In his blurb describing the film, TIFF programmer Norm Wilner calls it a “tour through the city’s unspoken class system.” Would you agree?
It’s interesting, because a lot of people have told me this film makes Toronto seem like a cold, dark place. And that was not my intention! I think it’s just a by-product of how the city feels right now. We shot it in early 2021, when the sense of pandemic dread was still there. But I love Toronto. I’m from Mississauga, and I’ve lived in Parkdale and the Beaches. I put Benjamin’s friend Agnes and her well-off husband in a fancy condo—actually the Shangri-La Hotel—because it was the perfect juxtaposition to Benjamin’s apartment, which is filled with his art, plants and personality. It’s alive, whereas the Shangri-La is just dead in the sky. 

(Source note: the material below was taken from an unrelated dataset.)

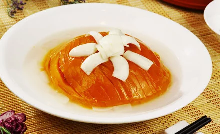 (3)待南瓜蒸透时,去掉生姜片,葱捆,轻轻扣入深碗内,在上面淋上热油即可食用。

Mark Clennon in the film I Don't Know Who You Are, directed by M.H. Murray
Mark Clennon in I Don’t Know Who You Are

In that scene, Benjamin goes to his friends asking for money since he can’t afford the cost of PEP drugs, which are almost $1,000. What does the film say about the state of health care for HIV?
There are so many different resources in the city, but they aren’t integrated well, and that causes problems for people who don’t have money. Instead of there being a social safety net, each individual has to sort out their own care with what resources they have. If this had happened to Agnes, who is wealthier, she would know somebody who knows somebody, and they’d get help. But, when that isn’t possible, it’s easy to get stuck. If the various parts of the health care system—the ER, the pharmacy, the HIV testing clinic—were better connected, and people had more information, then in theory, the situation Benjamin was in, struggling to get health care, wouldn’t exist. 

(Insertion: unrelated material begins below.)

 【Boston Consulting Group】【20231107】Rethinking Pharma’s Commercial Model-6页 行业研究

What do you want people to take away from the film?
For anyone who watches it to think, “Okay, maybe I will go get tested” or “Maybe I don’t need to be so scared to talk about this with this person.” Communication is so difficult, but in the film, if Benjamin had just communicated with a certain character, he would have been able to avoid so much of the bullshit he dealt with. In life, we push people away because we aren’t sure who they are.

Hey, that’s the title of the film! What does it mean?
It’s taken from a song that Mark wrote, which is on some level about a person figuring out who he is and who people around him are. But, on a more concrete level, it’s about being a victim of sexual assault by a stranger and not knowing anything about them. From my situation, it added a lot of stress, because you don’t know their HIV status or if they do this all the time or anything. Yet they’ve so dramatically changed your life. I remember sitting and struggling with what to call the movie, and I started writing a monologue, which didn’t make the final cut, where Benjamin says, “I could walk into this person at the doctor’s office one day, and they might not even recognize me. But I’d recognize them.” It’s that spooky feeling. 


For the unlucky masses who didn’t snipe a TIFF ticket, where can they see the film?
It’s going to be competing in Calgary for the Best Emerging Narrative awards, and then we’re going to VIFF in Vancouver. We have a distribution deal with Vortex Media, so we’ll be having a cinematic release sometime in the near future. It’s coming to a cinema near you—eventually.

This interview has been edited for length and clarity.